Lemond Nutrition Articles

Feeding the Wedding Frenzy (with Recipes)

By Angela Lemond, RDN, CSP, LD // Nov 18, 2014

By Kathleen Kinder, Texas Woman's University Dietetic Intern

Happy National Blog Posting Month!  Also called, “NaBloPoMo,” it was started as a response to NaNoWriMo (National Novel Writing Month). The blogging forum, BlogHer, heads up the promotion, and there are writing challenges every month.  But November is still the “official” month for the promotion of blogging.

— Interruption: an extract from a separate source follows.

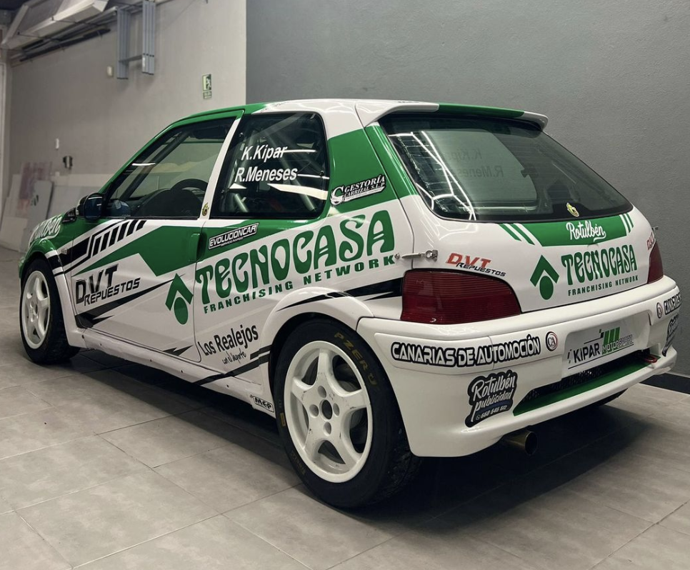 El equipo tinerfeño compuesto por Kevin Kipar y Rubén Meneses han desvelado los nuevos colores que lucirán en esta temporada 2024. Del rojo del curso pasado pasan al verde en el nuevo año con el Peugeot 106 rallye 1.6 8v, unidad con la que buscarán destacar en el Campeonato de Promoción de la Federación de Automovilismo de Santa Cruz de Tenerife (FIASCT).

It is only appropriate that I dedicate my first blog entry to my passion, my profession, and what I know best… food, nutrition and weddings. I’m not married- I’m not even engaged! However, I am at that age where people are making serious decisions about which man or woman they want to commit to for a lifetime, and that usually results in the exchange of an engagement ring and all the joys that go into planning a wedding to celebrate the love two people share for one another. I’ve done the math, and I have attended 14 weddings in the past 2 years, 7 of which I have been a bridesmaid. Being a bridesmaid is a huge honor, but along with bridesmaid status comes great responsibility. I am certain there is nothing in the world that sucks more money out of a poor graduate student’s bank account than being a bridesmaid. Brides need presents. Bridesmaids need dresses. Brides need showers and bachelorette parties, organized and funded by you, the bridesmaid. Bridesmaids need shoes. Brides need to have their weddings somewhere you do not live. Bridesmaids need hotel rooms and sometimes plane flights. Despite all this, I am also certain there is nothing more pleasing to the ear than a room full of laughter from a closely-bonded group of intelligent, beautiful women. And from experience, I know that these women like to eat.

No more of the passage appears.